As a field, it will enable us all to be able to better identify problems and enable people to develop new ideas about how we can best intervene.
Do we need a federated model of data sharing in terms of infrastructure, and would NCI be in a good position to facilitate that?
CR: I think the federated model is absolutely the way to go.
Past efforts to set up central databases haven’t always worked. The reason is the field is in evolution. The type of data we need is changing. The questions we’re asking are changing.
Just like in any innovative field, whether it be Silicon Valley or similar industries, people are thinking and collaborating and competing and new ideas come up and you suddenly say, “Oh, that’s much better,” and the whole field changes.
That innovation enables a number of experiments and different approaches to develop rapidly.
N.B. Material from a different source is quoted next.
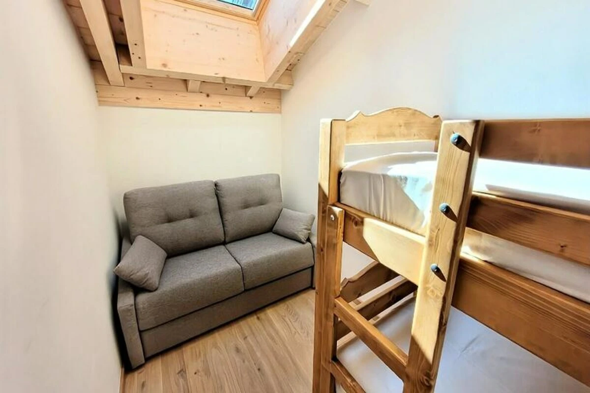 Das Apartment bietet bequem Platz für bis zu sechs Gäste und verfügt über ein Hauptschlafzimmer mit einem komfortablen Doppelbett, ein zweites Schlafzimmer mit gemütlichen Etagenbetten und ein Schlafsofa im Wohnbereich. Die voll ausgestattete Küche lädt dazu ein, nach einem Tag auf der Piste leckere Mahlzeiten zuzubereiten, während das Wohnzimmer zum Entspannen bei einem Film oder einfach zum Genießen der atemberaubenden Aussicht einlädt. Moderne Annehmlichkeiten wie WLAN, eine Nespresso-Kaffeemaschine und ein Geschirrspüler sorgen für einen angenehmen Aufenthalt. Ein privater Skiraum und ein sicherer Tiefgaragenstellplatz stehen den Gästen ebenfalls zur Verfügung.

St. Jude is developing new tools and new ways of thinking that we think are revolutionary for our field, and we want the community to have access to those resources.
That’s why we want to provide everything for free and enable other researchers. It’s critical, and part of our mission, to share these innovations with our peers.
And others are interested in focused sharing of pediatric cancer data too. The NCI-supported Gabriella Miller Kids First Data Resource Portal has substantial genome data.
We have been collaborating with HudsonAlpha Institute for Technology and developed a genome sequencing center for the Kids First program with the focus on generating and uploading the high quality genomic sequencing data for pediatric cancer.
The UCSC Treehouse has RNA-seq data and we have already shared our RNA-seq data with the UCSC Treehouse team.
Additionally, we have discussed with the Kids First team on multiple occasions the feasibility of developing methods that will make the model of federated data sharing a reality.
We do think that this federated model is important in order to support advances most rapidly and we’re excited about the idea of NCI further supporting data sharing.
However, this is technically challenging and will require dedicated effort to tackle this problem.
Who else has full capacity to be able to generate high grade data and do the sequencing that required? Or, perhaps, it’s truly a team effort.
CR: Beating pediatric cancer will clearly take a team effort. At St. Jude, we’re fortunate to we have the ability and capacity to make a major impact. It’s intrinsic to our mission.
Danny Thomas didn’t say, “No child should die in the dawn of life in Memphis, TN” or “No child should die in the dawn of life in the United States.”
He said, “No child should die in the dawn of life.” And I think that is a mission that everyone can support.
We know that no single institution can maximize cures and minimize toxicities alone.
In collaboration with COG and many other institutions, if our scientific expertise, our data and our analysis tools speed advances in research and answer important questions, that’s the goal.